Authors: Michael J. Jurczak, PhD, assistant professor of medicine, Division of Endocrinology and Metabolism, Maja Stefanovic-Racic, MD, PhD, assistant professor of medicine, Division of Endocrinology and Metabolism, director, EDM Fellowship Training Program, and Ramya Undamatla, MD, clinical fellow, Division of Endocrinology and Metabolism

Nonalcoholic Fatty Liver Disease — A Recent History

In the not too distant past, a diagnosis of fatty liver with inflammation, or steatohepatitis, unrelated to alcohol consumption, generally did not exist. Then in 1980, nonalcoholic steatohepatitis (NASH) was described for the first time, noting that the majority of patients with NASH were moderately obese and presented with obesity-associated diseases, such as type 2 diabetes (T2DM).1 Similarly, nonalcoholic fatty liver (NAFL), or the presence of liver fat greater than five percent without inflammation, has long been considered benign. However, over the last two decades NAFL gained recognition as a clinically relevant pathology that may portend the development of more serious liver disease, including NASH, cirrhosis, and hepato-cellular carcinoma. 

NAFL and NASH now represent the early and late histological characteristics of a liver disease spectrum referred to as nonalcoholic fatty liver disease (NAFLD), which also encompasses fibrosis and cirrhosis. In 2005, the Pathology Committee of the NASH Clinical Research Network, which was established in 2002 by the National Institute of Diabetes and Digestive and Kidney Diseases, published a validated histological scoring system for NAFLD. Referred to as the NAFLD activity score or NAS, the system is comprised of four semi-quantitative features, including steatosis (scored 0–3), lobular inflammation (scored 0–2), hepatocellular ballooning (scored 0–2), and fibrosis (scored 0–4), as well as nine features documented as present or absent.2 The proposed NAS not only solidified key histological features that define NAFLD progression but, importantly, provided a standardized means of evaluating interventions to treat NAFLD and also paved the way for the more than 200 clinical trials for NAFLD treatments currently underway.

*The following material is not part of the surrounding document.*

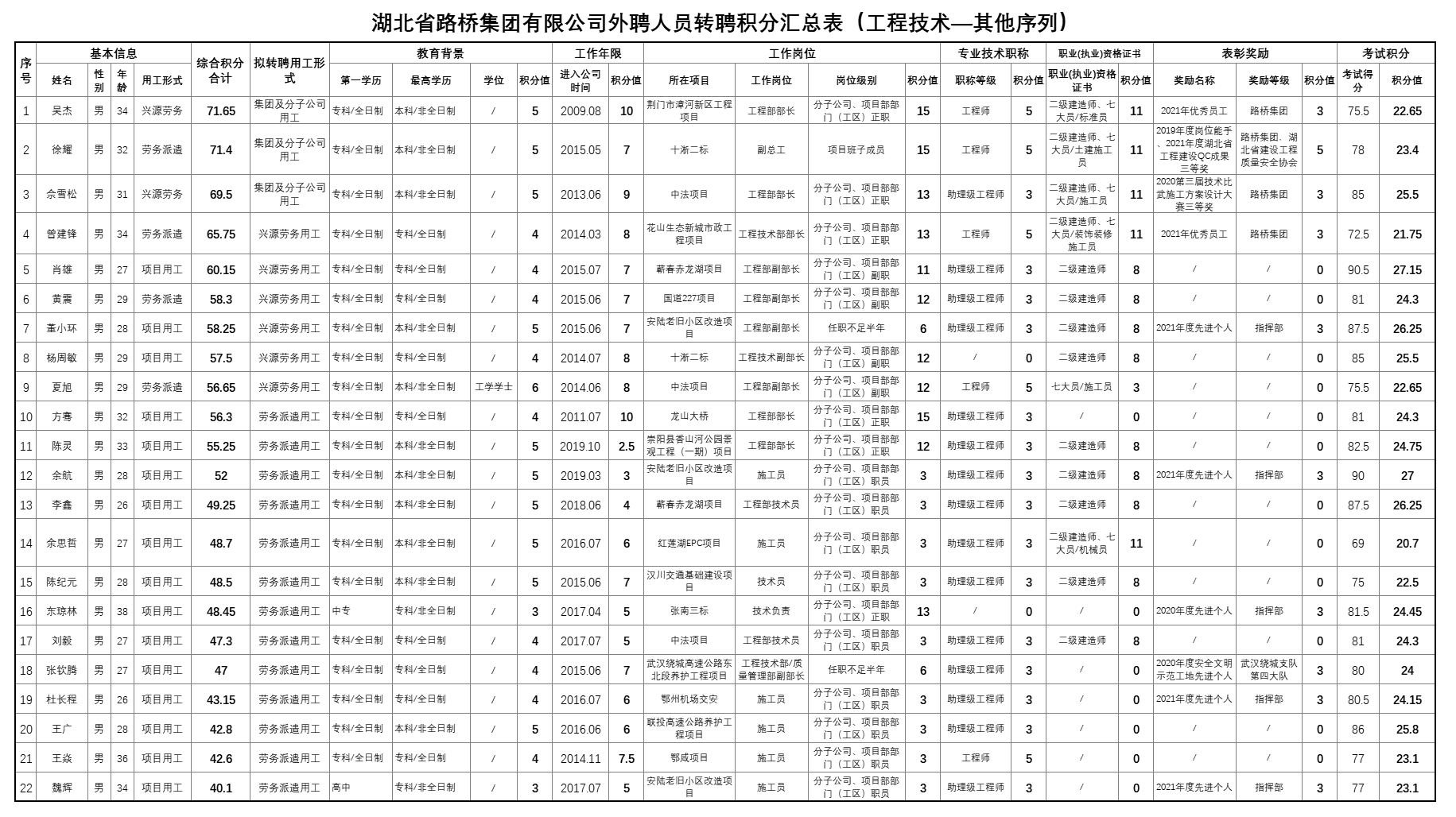 關(guān)于2022年湖北省路橋集團(tuán)外聘人員專業(yè)技術(shù)考試成績公布的通知

Nonalcoholic Fatty Liver Disease on the Rise

Over the past decade, NAFLD has emerged as the leading cause of chronic liver disease in the United States, with NASH now representing the second most common indication for liver transplant after chronic hepatitis C. The prevalence of NAFLD and NASH in the United States is currently estimated to be approximately 30 percent and five percent, respectively, and NASH is predicted to soon become the most common indication for liver transplant.3 Paralleling the increase in NAFLD is a rise in the prevalence of obesity and T2DM, which now afflicts as many as 93.3 million and 30.3 million Americans, respectively.4,5 There is a strong positive association among obesity, T2DM, and NAFLD, and greater than 70 percent of patients with T2DM have NAFLD.6,7 In fact, although age, ethnicity, sex, and a small number of genetic variations are associated with NAFLD, obesity and diabetes are the primary risk factors for developing the disease. The association of NAFLD with obesity and T2DM holds true not only for adults but also for children and adolescents for whom NAFLD prevalence in the United States is estimated at 11 percent, representing a doubling over the last decade.8  

The exact sequence of events leading to NAFLD remains unclear, in part because the natural history of NAFLD appears variable. Approximately 30 percent of patients with NAFL will develop NASH and about 20 percent of patients with NASH will develop fibrosis. Understanding which patients with steatosis will progress to the more advanced stages of NAFLD is a major unmet clinical challenge. Currently, the first line of defense for treating patients with NASH is to prescribe lifestyle modifications, including dietary changes and exercise. Several studies have demonstrated that achieving weight loss of five to 10 percent is associated with improvement in histological features of NAFLD, and paired biopsy studies suggest that fibrosis regression can occur.9,10 There is currently no FDA-approved pharmacological treatment specifically for NAFLD, but the surge in activity in the pharmaceutical industry related to NAFLD and the large number of ongoing clinical trials suggests the first drug-based therapies may be on the horizon. 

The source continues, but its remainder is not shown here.